I introduced the costs study as a data point.  It's interesting 
and maybe tells us something in addition to list participants 
stating their opinions.  Of course, when such studies reinforce 
our prejudices we cite them; when they don't, we invent charming 
analogies to show why they can't possibly be true.

I introduced 'flexibility' in response to the comments in the 
first paragraph of Sandy's post.  (I think I was quite clear 
about that.)  Sandy spoke of publishers being 'quick on their 
feet'.  'Flexible' isn't an exact synonym, but not far off.  And 
of course I wasn't suggesting that the only sign of flexibility 
for a commercial publisher is to go down an OA route.  All I was 
doing was responding to Sandy's contention that large commercial 
publishers - who he suggested were fleet of foot when adopting 
new models - are rushing to embrace gold OA.  I think that the 
evidence is that they are doing it slowly, if at all, and 
generally in such a way to try to replicate current revenue 
levels rather the way than BMC or PLoS One did.  As Joe reminds 
us, this is classic Christensen territory.  I would suggest that 
what we are witnessing at the moment better reflects 
Christensen's view of the commercial world than Sandy's.

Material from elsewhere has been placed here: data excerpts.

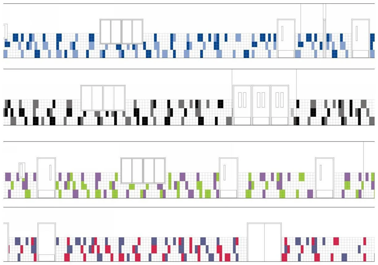 Throughout the school, each wall is distinguished by unique patterns. The playful tiles in the cafeteria are colored in condiment colors.
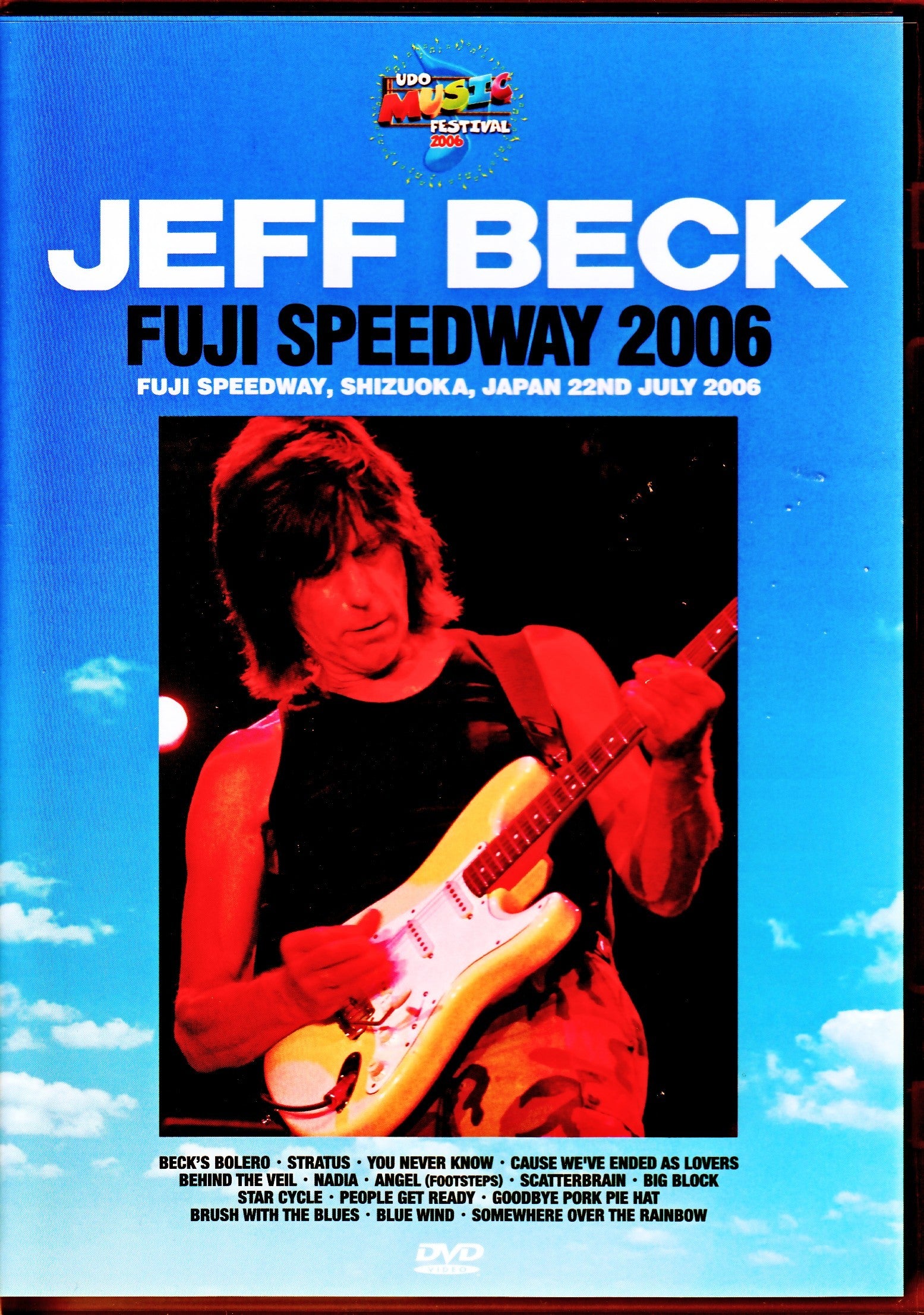 Jeff Beck returned to Japan in 2006 to participate in the "UDO MUSIC FESTIVAL," which left behind a legend in the history of Japanese Western music. Introducing the ultimate multi-camera pro shot. [The ultimate version with the only drawback completely restored] This work includes “July 22, 2006: Fuji Speedway Performance”. This day was a legend that will remain in the history of Japanese Western music. A major music company even put up a sign for this large-scale rock festival that read, ``Reviving the excitement of Woodstock!'' Over the two days, 30 bands/musicians appeared, including some of the biggest names in the rock scene, old and new, such as KISS, SANTANA, Paul Rodgers, THE DOOBIE BROTHERS, ALICE IN CHAINS, and more. . However, when I opened the lid, there was a record failure. Perhaps it was the inaccessible location, the rainy weather, or a mismatch between the lineup and pricing... whatever the cause, the venue was empty. I saw many spectators bringing out plastic seats and chairs to watch, and even the minor young performers' performances had single-digit audience numbers. Paul Stanley of KISS also left behind an unusual legend, saying, ``40,000 people showed up. Hey, don't look around!'' In any case, Jeff also participated in such a legendary festival. I appeared as a semi-finalist on the Mobilita stage on the first day. The scene was filmed using professional shots and broadcast on a certain commercial broadcasting station. This work is the pinnacle version of such multi-camera professional shots. In fact, the quality is impregnable. At our store, we have archived many rock broadcasts with the best masters by domestic recording enthusiasts, and this work is one of them. The screen, which has no noise and no deterioration, is at a level that cannot be explained simply by being broadcast in the 21st century, and is truly overflowing with official-level visual beauty. Of course, the same goes for audio and photography. The camera work that properly understood the idea of the song was wonderful, especially since Jeff is popular in Japan, and the scene where the sun was still high was clear to every corner of the stage. It's a little too big for a four-person group, and you can really feel the scale of the gigantic stage. I have introduced such top-class masters before, but this work is further upgraded. In the previously released version, the digital master provided by the recorder was used as is, but the aspect ratio of the screen was incorrect. It felt so strange that the screen was flattened horizontally and the bass drum became oval. Of course, this work has been corrected to a normal ratio suitable for permanent preservation. You can enjoy the highest image quality in history with a true-to-life view. [Official professional shot of the legendary festival] The show depicted with its visual beauty is also truly wonderful. The theme of this “UDO MUSIC FESTIVAL” was “Summer Festival for Adults,” and it was truly a strange thing to say. In fact, Jeff had just done a Japan tour one year ago in July 2005, and at that time, Jimmy Hall also accompanied the song. On the other hand, in this work, you can listen to plenty of guitar on a completely instrumental stage. The set is a short one for festivals, a style that started in 2005 with only the vocal numbers removed. Let's sort it out here.・TRUTH (1 song): Beck's Bolero ・BLOW BY BLOW (2 songs): Cause We've Ended as Lovers/Scatterbrain ・WIRED (2 songs): Goodbye Pork Pie Hat/Blue Wind ・THERE & BACK (2 songs): You Never Know/Star Cycle・FLASH (1 song): People Get Ready・GUITAR SHOP (2 songs): Behind the Veil/Big Block・WHO ELSE! (2 songs): Angel (footsteps)/Brush With the Blues・YOU HAD IT COMING (1 song): Nadia, EMOTION & COMMOTION (1 song): Somewhere Over the Rainbow, others: Stratus (Billy Cobham)...and so on. Speaking of 2006, the official live album “Live Beck '06” was also released, but you can also see “People Get Ready” which cannot be heard there. Furthermore, the members are different from 2005. After his last visit to Japan, the bassist changed from Pino Palladino to Randy Hope Taylor. Randy is a great talent who is also known for his work with INCOGNITO, synonymous with acid jazz, and you can enjoy his reborn ensemble with official quality. Another highlight of this work is the mood at the scene. As mentioned earlier, this festival is known for its infamous legend, but the audience was... surprisingly normal. Jeff's popularity may have been high, but there were still plenty of customers, so I guess the legend was just an urban legend. That's what it seems like. However, this may be a magic unique to professional shots. If you look closely, you'll notice that the angles of the audience seats are extremely narrow, and similar angles are repeated over and over again. It seems that they have deliberately avoided less popular places and focused their editing on the very front. Here and there, there are also distant shots of the audience seats, where the population density suddenly drops, and we get glimpses of the audience spreading out their seats... There was also a TV commercial that said, ``The lens doesn't lie.'' However, it may be possible to make the lens lie. The festival left behind a strange legend, but Jeff's performance there was the best. This work is a multi-camera professional shot that allows you to enjoy the whole story in the highest official quality. Since it is a legend, I cannot hope for an official release, but it is a wonderful video work that should have been left behind by the official team. ★Recorded in the best version with the correct screen aspect ratio. Fuji Speedway, Shizuoka, Japan 22nd July 2006 PRO-SHOT (62:27) 1. Beck's Bolero 2. Stratus 3. You Never Know 4. Cause We've Ended As Lovers 5. Behind The Veil 6. Nadia 7. Angel ( Footsteps) 8. Scatterbrain 9. Big Block 10. Star Cycle 11. People Get Ready 12. Goodbye Pork Pie Hat 13. Brush With The Blues 14. Blue Wi
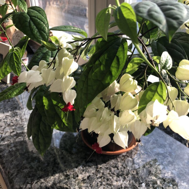 Clerodendrum thomsoniae Обильно цветет весной и летом.Если он мало цветет, переместите его туда, где он будет получать непрямой свет из окна, выходящего на юг или запад.

In a cheekily entitled blog post 
(http://www.michaeleisen.org/blog/?p=686) Michael Eisen listed 
the PLoS One clones launched in the past year.  I don't know if 
the list is exhaustive, I don't spot any obvious omissions, but 
the list is split pretty much half-and-half society/commercial 
publishers, with only one from the very biggest of the 
commercials.  Again, I don't see any evidence that in this case 
commercial entities are any more 'quick on their feet' than the 
non-profit sector.  But as Sandy speaks to many more commercial 
publishers than I do perhaps he can provide the evidence.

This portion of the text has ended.